++++ Supplied material ++++

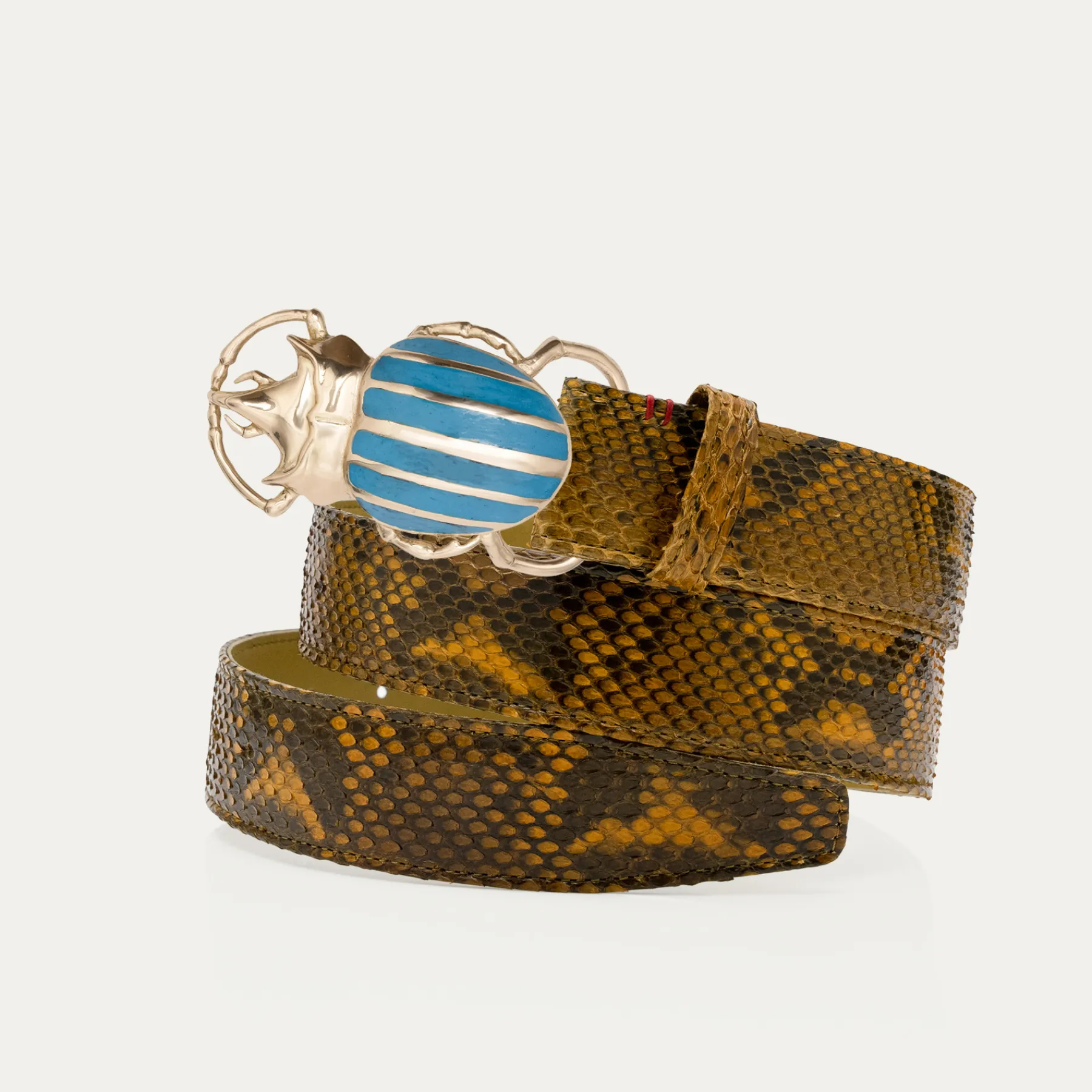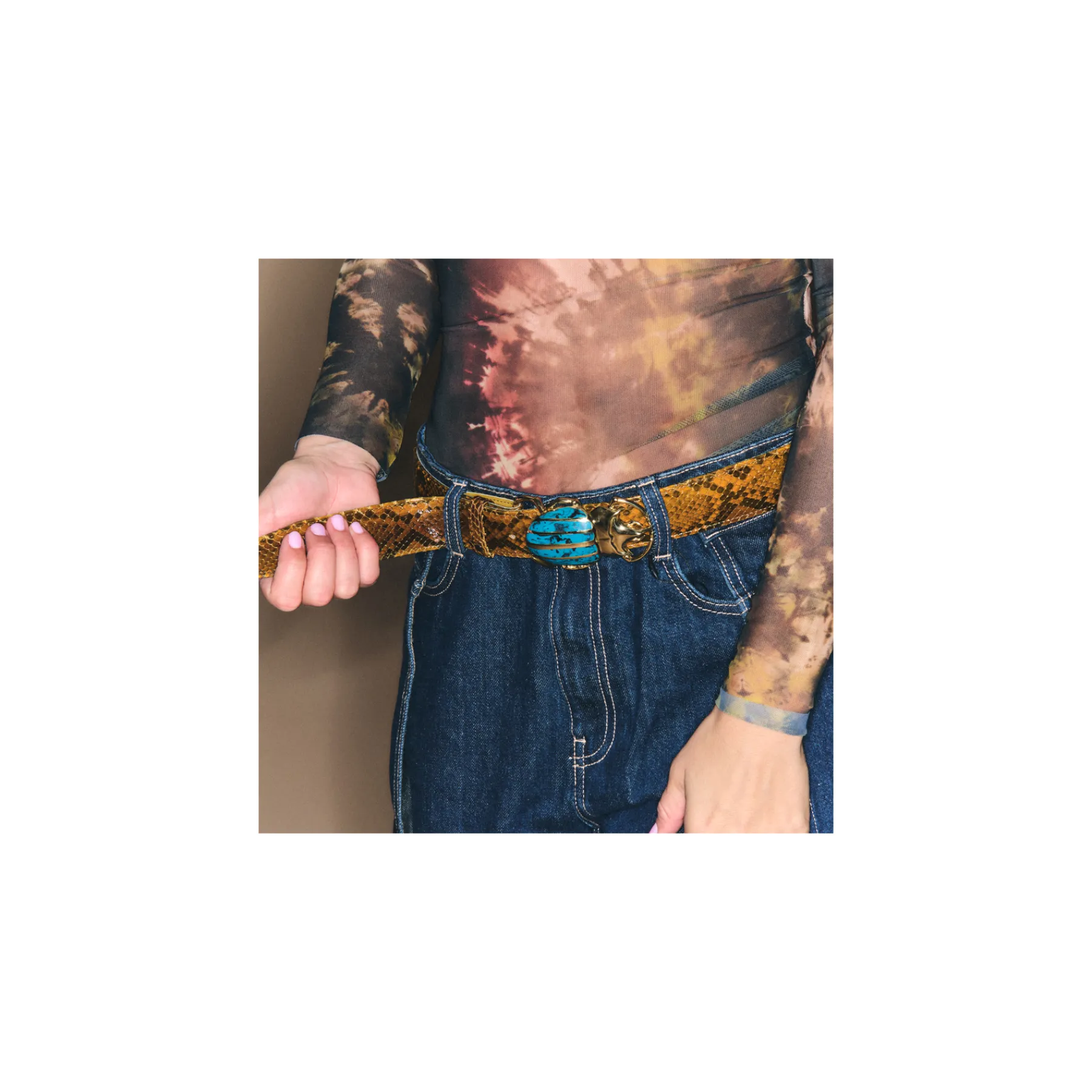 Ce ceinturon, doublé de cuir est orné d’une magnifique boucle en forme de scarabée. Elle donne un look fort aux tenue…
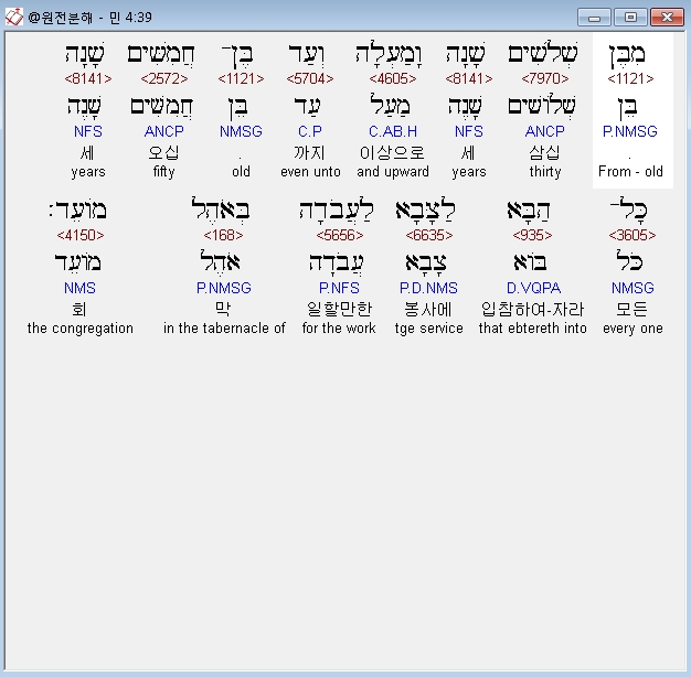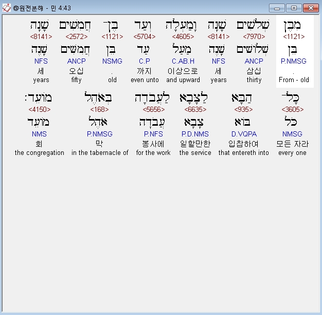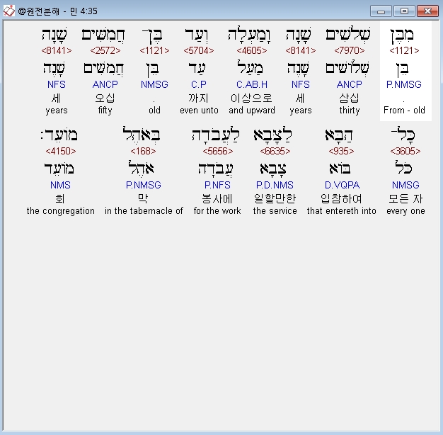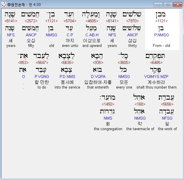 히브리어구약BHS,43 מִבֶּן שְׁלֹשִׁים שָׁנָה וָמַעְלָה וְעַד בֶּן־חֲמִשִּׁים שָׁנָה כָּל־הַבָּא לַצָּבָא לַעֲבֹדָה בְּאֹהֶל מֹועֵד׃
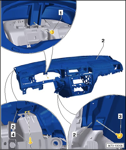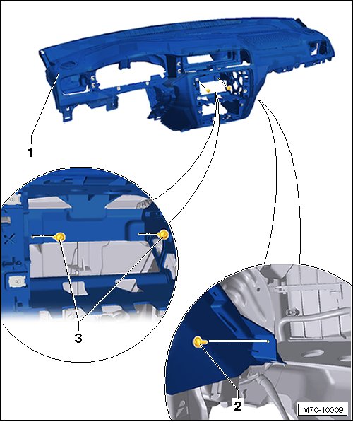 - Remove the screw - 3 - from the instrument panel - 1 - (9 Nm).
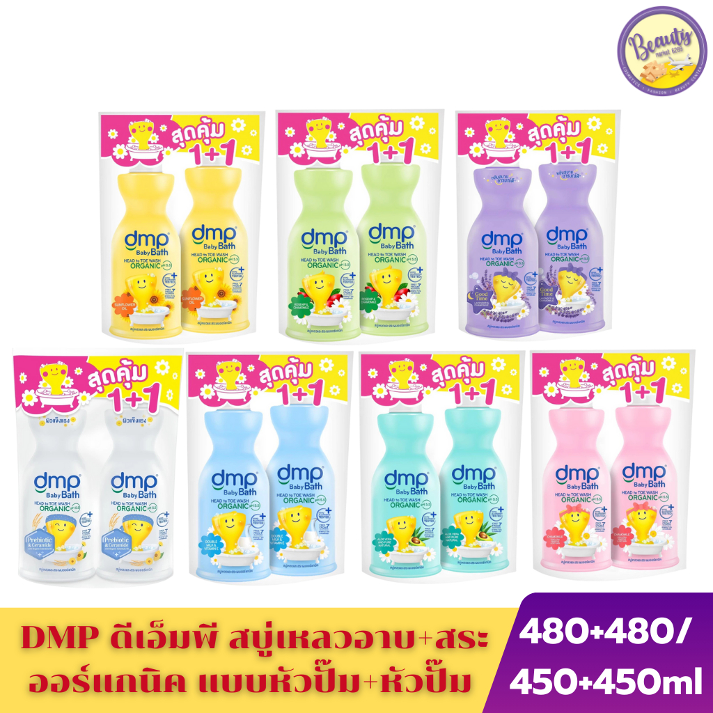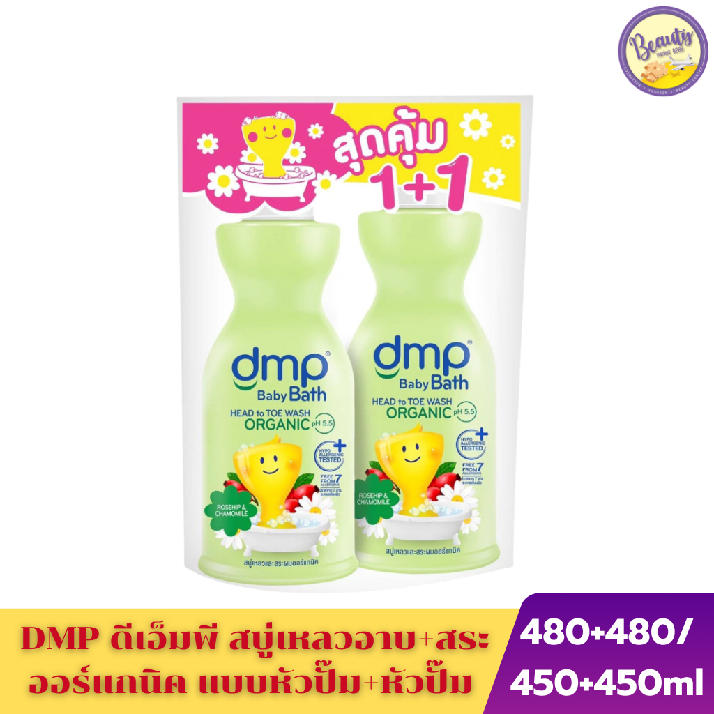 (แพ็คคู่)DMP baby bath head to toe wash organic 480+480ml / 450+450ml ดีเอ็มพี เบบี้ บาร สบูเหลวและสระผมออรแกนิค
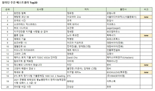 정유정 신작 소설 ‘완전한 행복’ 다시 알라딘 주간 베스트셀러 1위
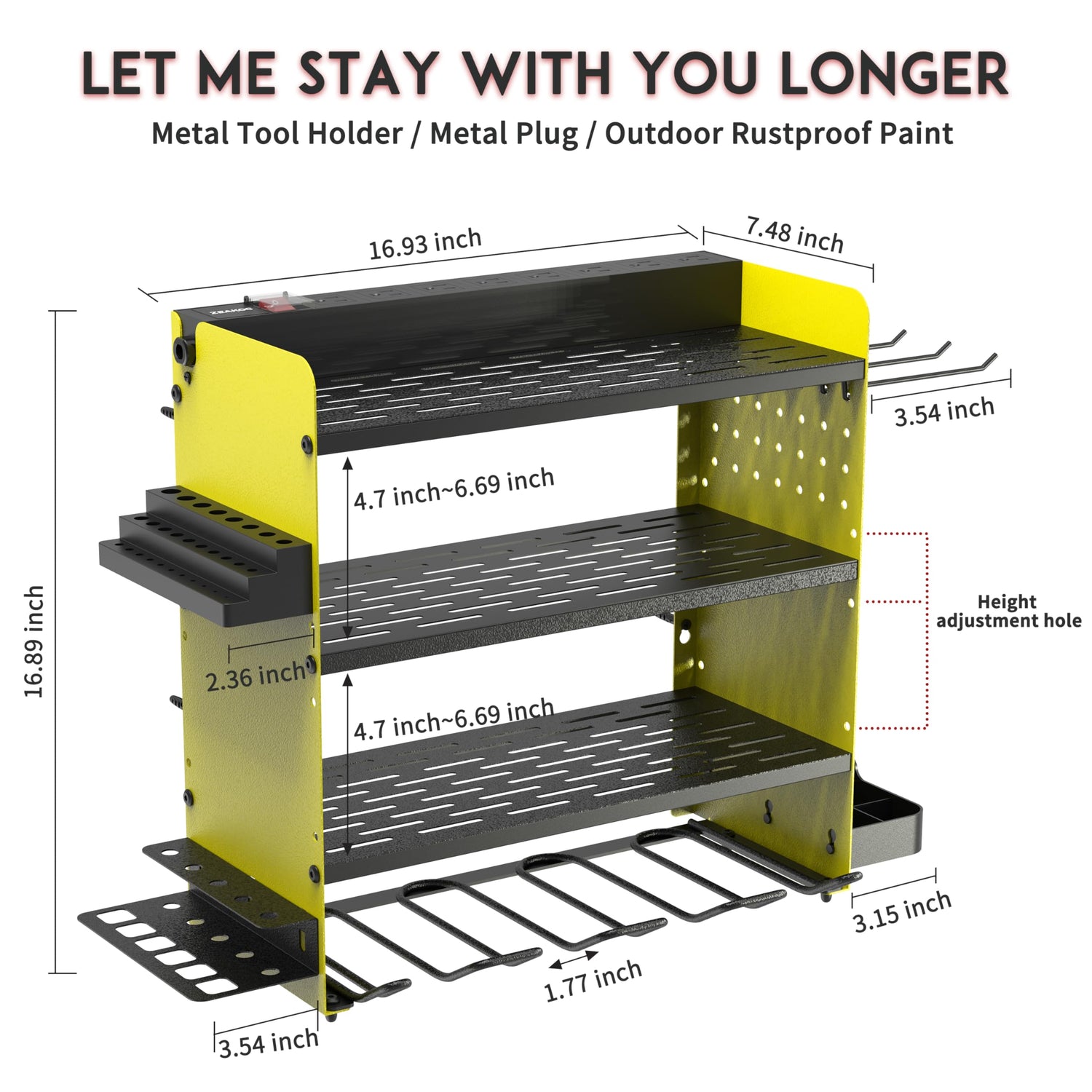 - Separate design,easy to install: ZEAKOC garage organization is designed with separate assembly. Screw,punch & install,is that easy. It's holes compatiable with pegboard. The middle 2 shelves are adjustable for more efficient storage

++++

#### [Exercise]
Please copy out each line above exactly as written, but not the pictures.

#### [Exercise result]
 Ce ceinturon, doublé de cuir est orné d’une magnifique boucle en forme de scarabée. Elle donne un look fort aux tenue…
 히브리어구약BHS,43 מִבֶּן שְׁלֹשִׁים שָׁנָה וָמַעְלָה וְעַד בֶּן־חֲמִשִּׁים שָׁנָה כָּל־הַבָּא לַצָּבָא לַעֲבֹדָה בְּאֹהֶל מֹועֵד׃
 - Remove the screw - 3 - from the instrument panel - 1 - (9 Nm).
 (แพ็คคู่)DMP baby bath head to toe wash organic 480+480ml / 450+450ml ดีเอ็มพี เบบี้ บาร สบูเหลวและสระผมออรแกนิค
 정유정 신작 소설 ‘완전한 행복’ 다시 알라딘 주간 베스트셀러 1위
 - Separate design,easy to install: ZEAKOC garage organization is designed with separate assembly. Screw,punch & install,is that easy. It's holes compatiable with pegboard. The middle 2 shelves are adjustable for more efficient storage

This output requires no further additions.